→ PROBLEM DESCRIPTION:
Your task is to print, exactly and only, the lines from the start of the entries below through the line with "any representation or". Include both ends, but skip the pictures.
*** RECORDED INFORMATION ***
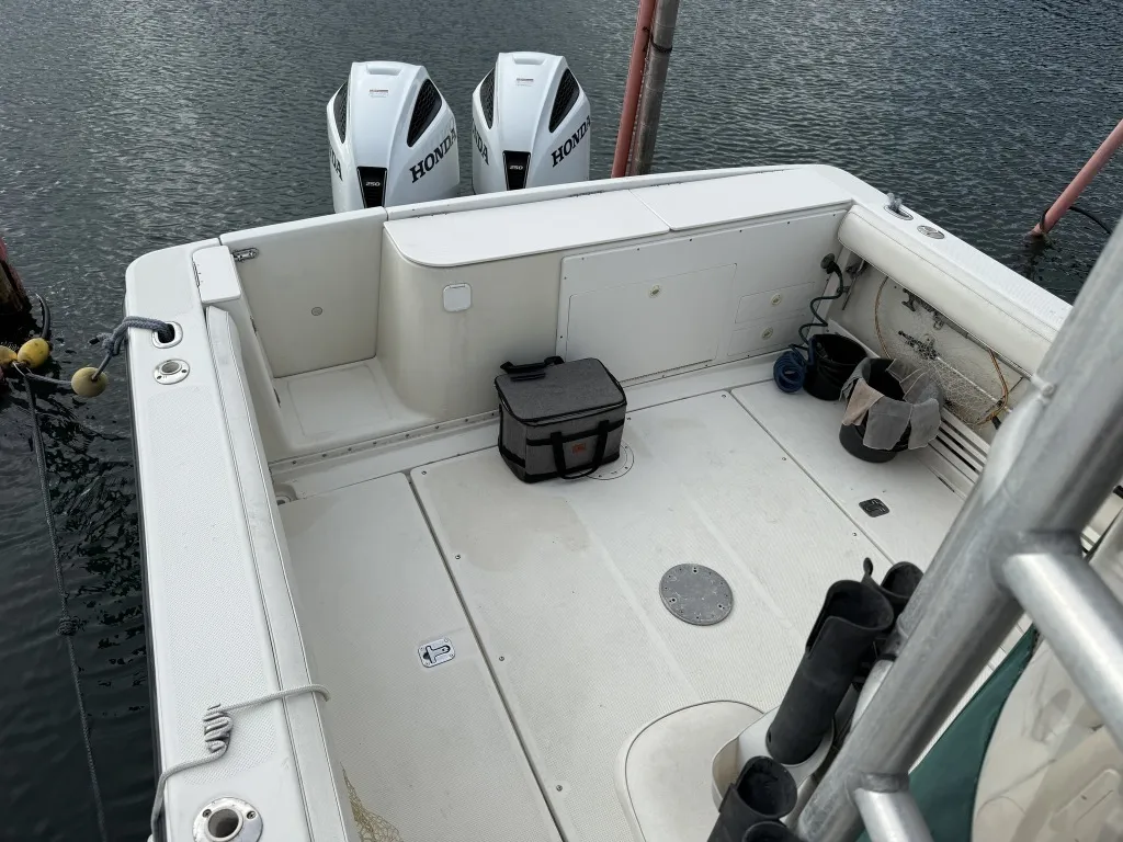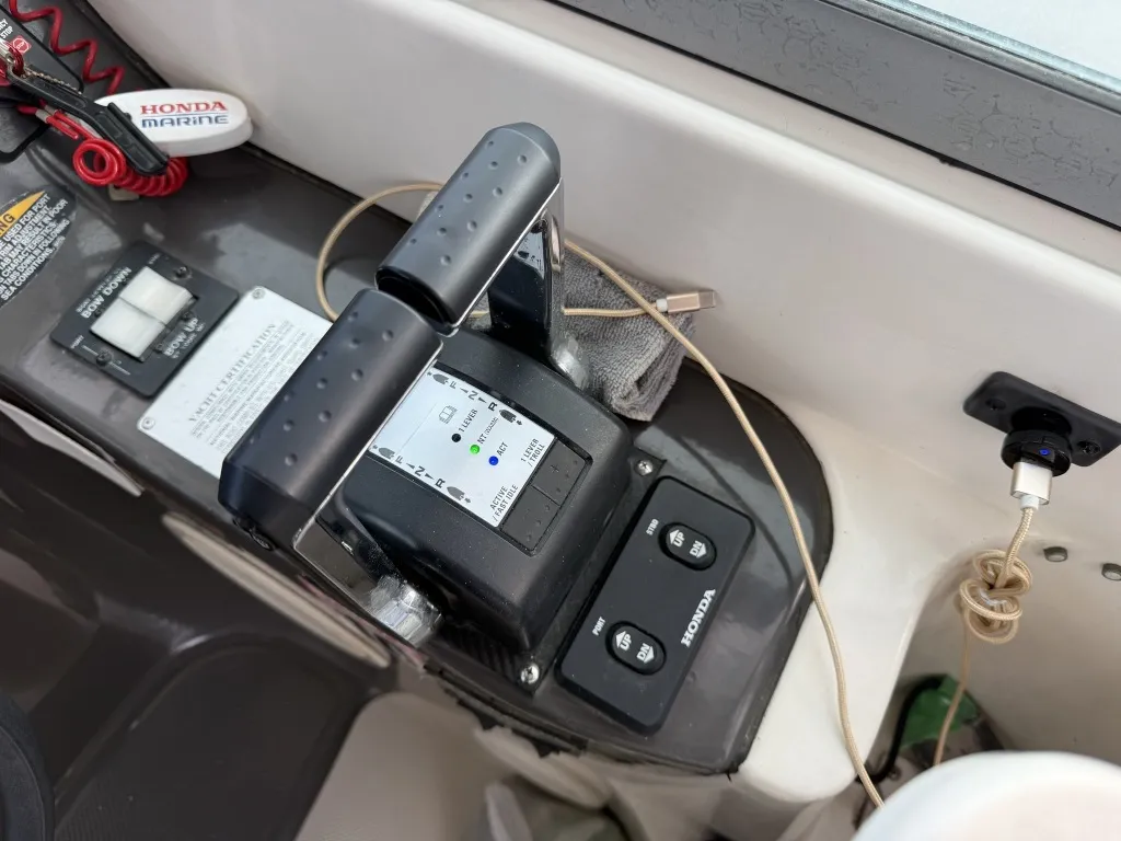 船外機は、ホンダ製250馬力に主機換装済で使用時間もまだまだ少ないです。
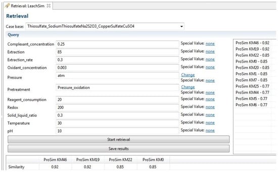 First, the LeachSim model was tested by simple queries in order to verify that the myCBR similarity calculations functioned correctly. The queries consisted of one or more attribute values and the global similarity values given by the system were compared with manual calculations to confirm the results. Second, the LeachSim’s performance in comparing the cyanide-free gold leaching process parameters was tested by artificial test queries. The aim of the performance tests was to demonstrate the functionality of the tool in retrieving scientific articles based on the user’s research interest.
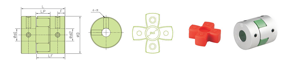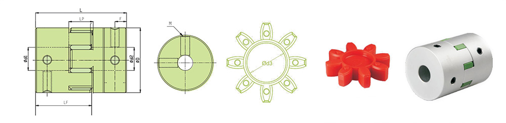 Intermediate elastomer absorbs vibration, compensates for radial, angularand axial deviations.
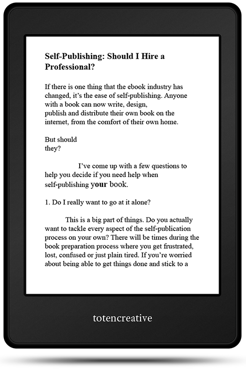 You'll know a Totencreative format when you experience it for yourself. Expertise and passion are easy to spot. Contact me today, so that your book can join the thousands of books I've designed.
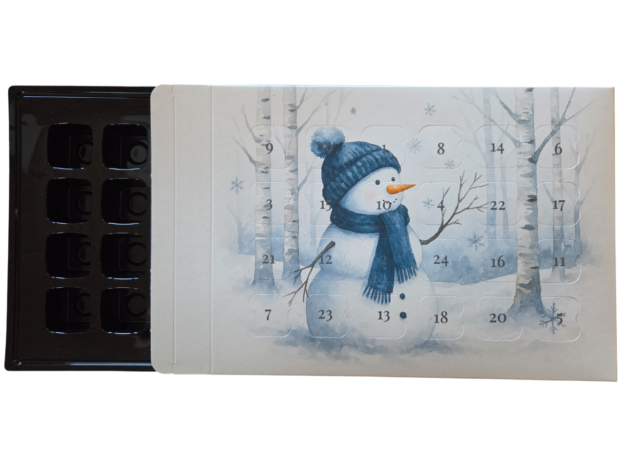 De 24 låger gemmer på afgrænsede rum der kan fyldes med chokolade/praliner, karameller, små gaver eller hjemmelavede lækkerier. Du kan også bruge kalenderen til kreative overraskelser som smykker eller små sæbestykker.
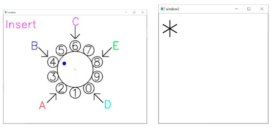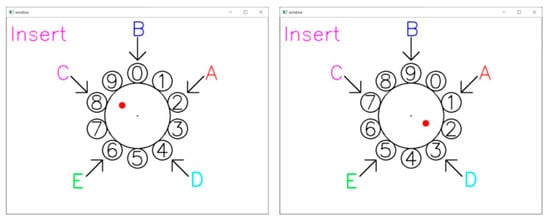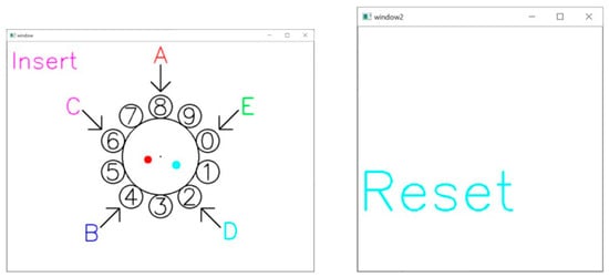 As shown in Figure 3, an over-the-air virtual dial pad is displayed on the screen, which can be operated by the user through Leap Motion or Media Pipe utilizing free rotation of the index finger (or other fingers) in any direction. Unlike traditional dialing methods, the system gives different fingers unique functions such as insert, delete, and reset. The user uses these fingers to enter a four-digit PIN code at each of the five input position points (A through E). It is worth noting that the position of the position points (A to E) changes randomly each time the PIN is entered, increasing the security of the system.
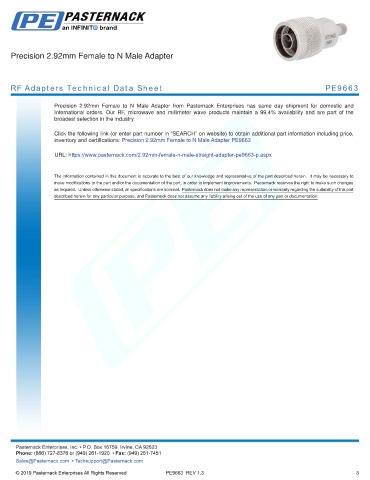 any representation or warranty regarding the suitability of the part described herein for any particular purpose, and Pasternack does not assume any liability arising out of the use of any part or documentation.
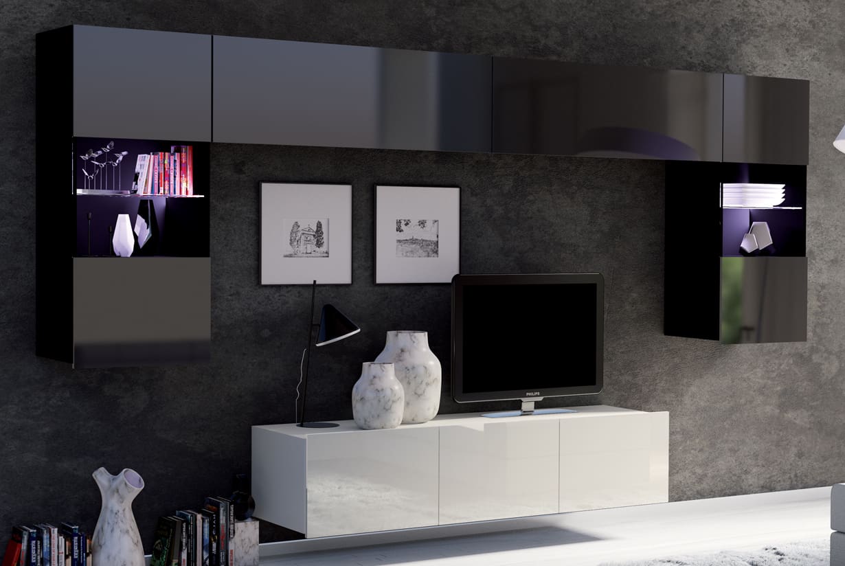 Obývací stěna CALABRIA 5 černá / bílý lesk
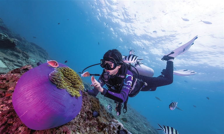 ?游客在蜈支洲島海域體驗海底漫步,與魚兒親密接觸。
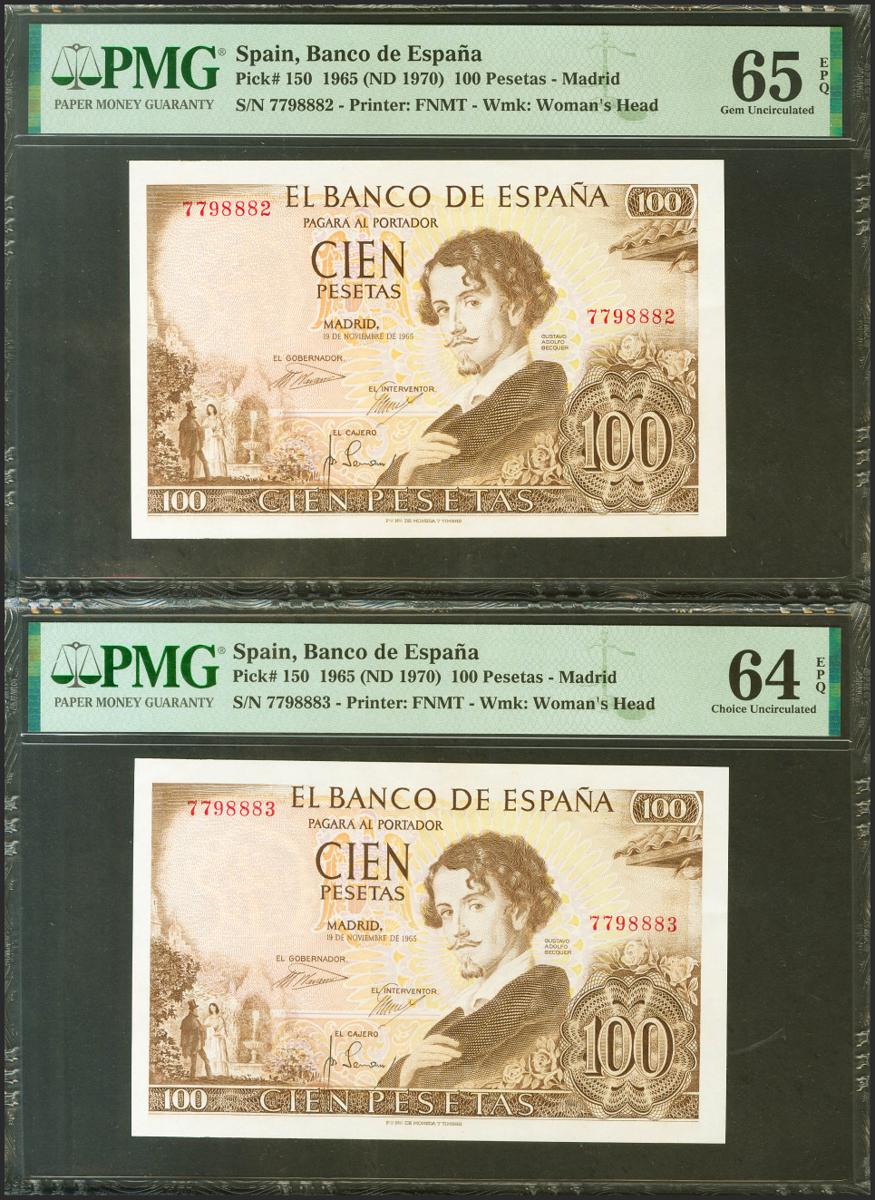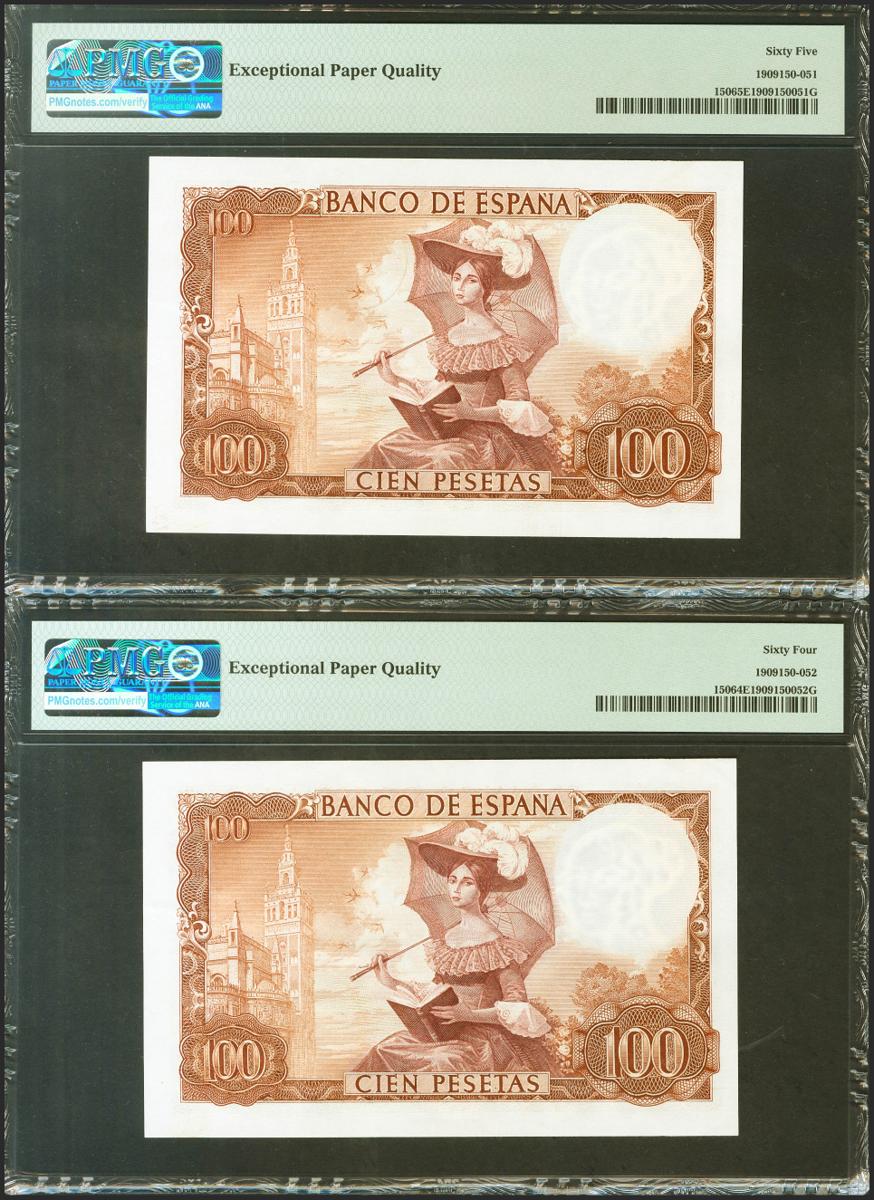 100 Pesetas. 19 de Noviembre de 1965. Pareja correlativa. Sin serie. (Edifil 2021: 470, Pick: 150). Apresto original. Encapsulados PMG65EPQ/64EPQ.
*** End of RECORDED INFORMATION ***
→ WRITTEN SOLUTION:
 船外機は、ホンダ製250馬力に主機換装済で使用時間もまだまだ少ないです。
 First, the LeachSim model was tested by simple queries in order to verify that the myCBR similarity calculations functioned correctly. The queries consisted of one or more attribute values and the global similarity values given by the system were compared with manual calculations to confirm the results. Second, the LeachSim’s performance in comparing the cyanide-free gold leaching process parameters was tested by artificial test queries. The aim of the performance tests was to demonstrate the functionality of the tool in retrieving scientific articles based on the user’s research interest.
 Intermediate elastomer absorbs vibration, compensates for radial, angularand axial deviations.
 You'll know a Totencreative format when you experience it for yourself. Expertise and passion are easy to spot. Contact me today, so that your book can join the thousands of books I've designed.
 De 24 låger gemmer på afgrænsede rum der kan fyldes med chokolade/praliner, karameller, små gaver eller hjemmelavede lækkerier. Du kan også bruge kalenderen til kreative overraskelser som smykker eller små sæbestykker.
 As shown in Figure 3, an over-the-air virtual dial pad is displayed on the screen, which can be operated by the user through Leap Motion or Media Pipe utilizing free rotation of the index finger (or other fingers) in any direction. Unlike traditional dialing methods, the system gives different fingers unique functions such as insert, delete, and reset. The user uses these fingers to enter a four-digit PIN code at each of the five input position points (A through E). It is worth noting that the position of the position points (A to E) changes randomly each time the PIN is entered, increasing the security of the system.
 any representation or warranty regarding the suitability of the part described herein for any particular purpose, and Pasternack does not assume any liability arising out of the use of any part or documentation.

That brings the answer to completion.